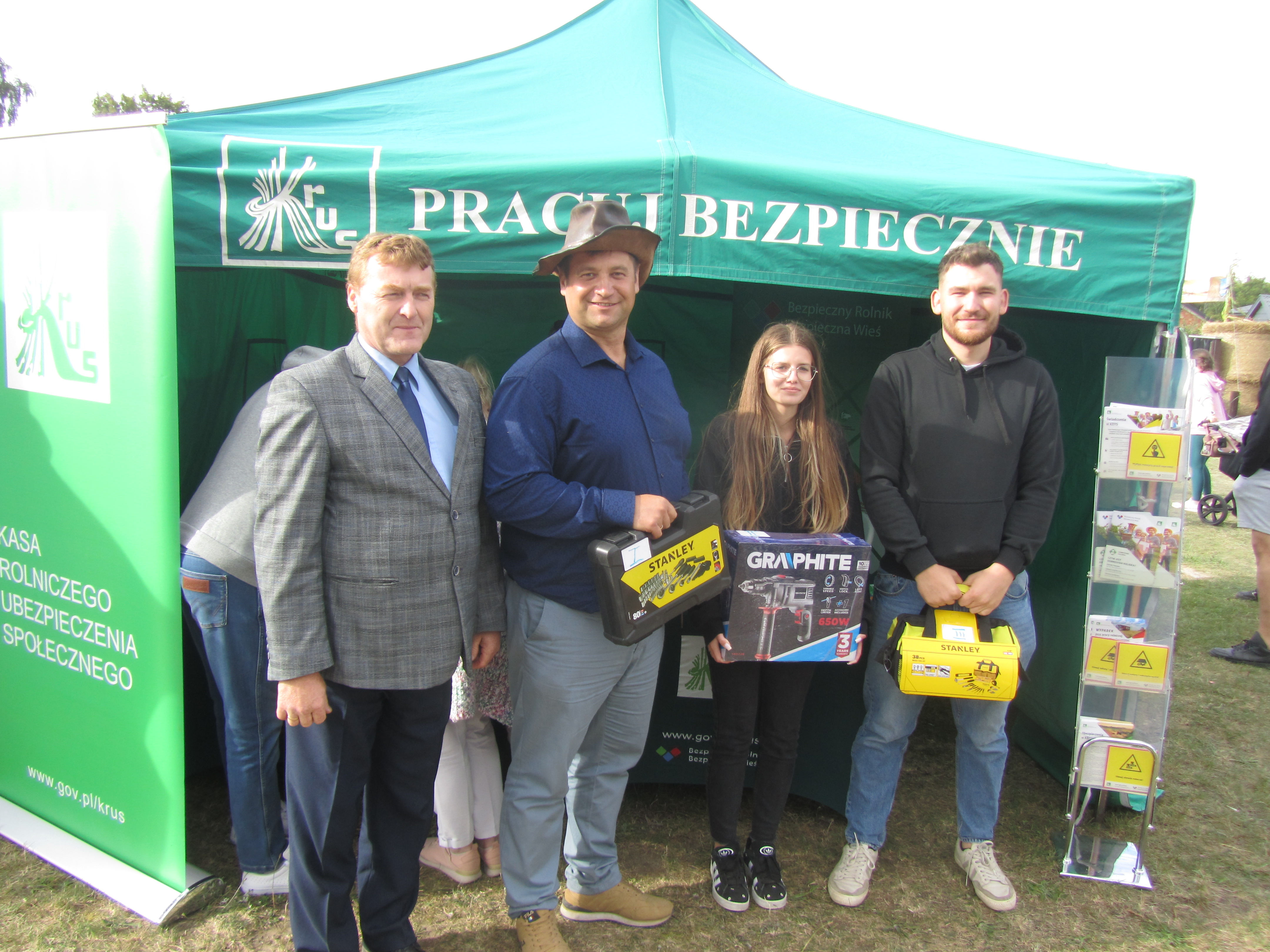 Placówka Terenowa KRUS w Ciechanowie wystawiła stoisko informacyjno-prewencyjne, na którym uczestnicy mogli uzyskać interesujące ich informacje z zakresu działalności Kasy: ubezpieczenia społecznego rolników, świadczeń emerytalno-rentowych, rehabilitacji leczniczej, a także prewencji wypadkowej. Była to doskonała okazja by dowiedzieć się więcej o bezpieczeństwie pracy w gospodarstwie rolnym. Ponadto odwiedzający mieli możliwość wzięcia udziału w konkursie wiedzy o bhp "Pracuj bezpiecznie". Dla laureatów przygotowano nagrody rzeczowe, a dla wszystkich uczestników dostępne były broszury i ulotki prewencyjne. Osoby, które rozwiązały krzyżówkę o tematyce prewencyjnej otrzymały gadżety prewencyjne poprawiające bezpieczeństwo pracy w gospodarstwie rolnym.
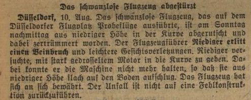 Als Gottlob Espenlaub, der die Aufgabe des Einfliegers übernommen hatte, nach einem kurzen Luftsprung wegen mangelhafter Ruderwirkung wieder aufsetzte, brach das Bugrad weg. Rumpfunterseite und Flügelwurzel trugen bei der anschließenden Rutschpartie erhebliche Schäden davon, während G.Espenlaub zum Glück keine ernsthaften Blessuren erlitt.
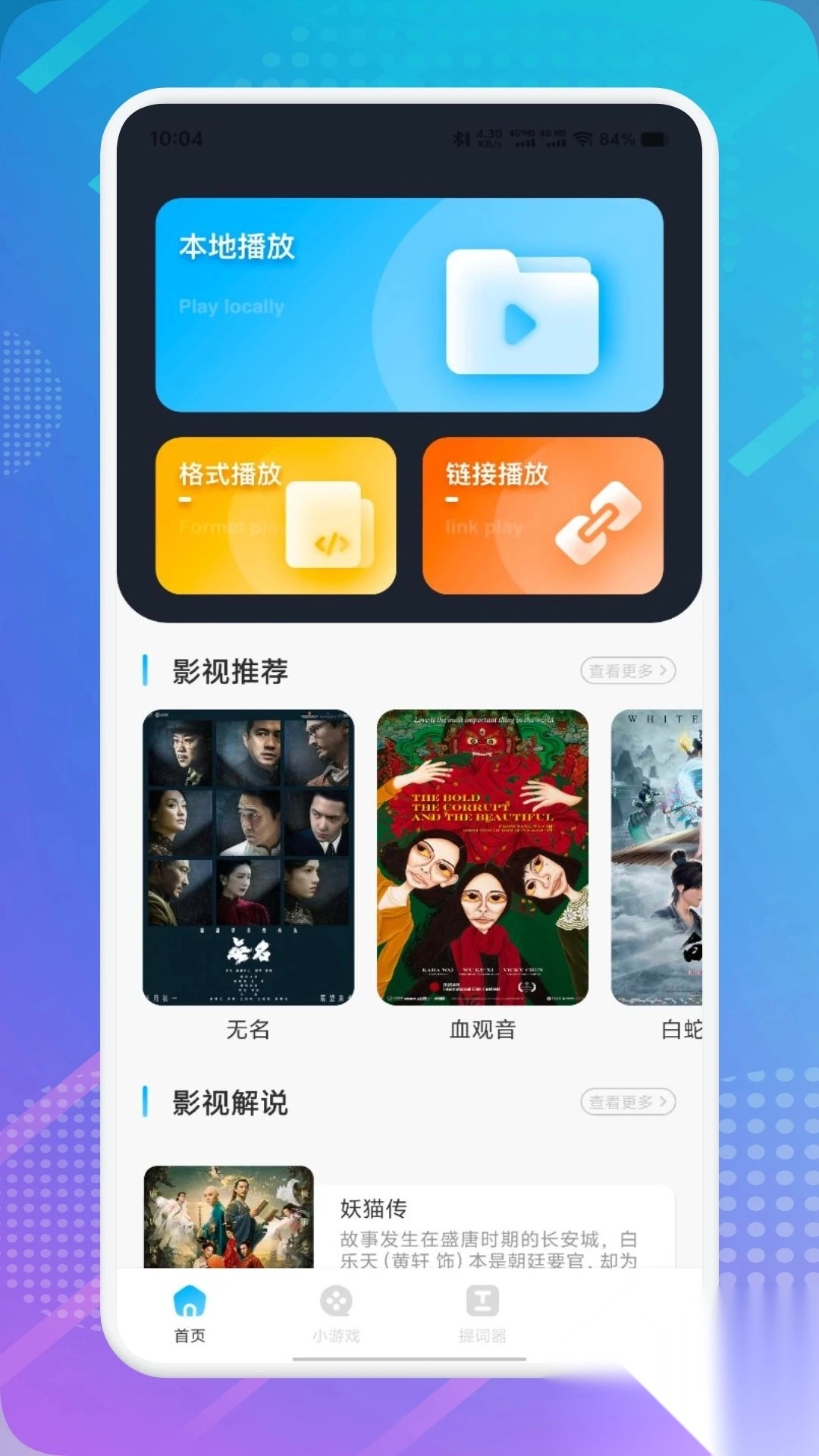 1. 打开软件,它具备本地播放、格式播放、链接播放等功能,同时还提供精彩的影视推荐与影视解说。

• **What the exercise asks**: At the line containing "Als Gottlob Espenlaub, der", start reproducing exactly, and stop after the last line of the listing; include both ends, and leave the pictures out.

• **Exercise output**:
 Als Gottlob Espenlaub, der die Aufgabe des Einfliegers übernommen hatte, nach einem kurzen Luftsprung wegen mangelhafter Ruderwirkung wieder aufsetzte, brach das Bugrad weg. Rumpfunterseite und Flügelwurzel trugen bei der anschließenden Rutschpartie erhebliche Schäden davon, während G.Espenlaub zum Glück keine ernsthaften Blessuren erlitt.
 1. 打开软件,它具备本地播放、格式播放、链接播放等功能,同时还提供精彩的影视推荐与影视解说。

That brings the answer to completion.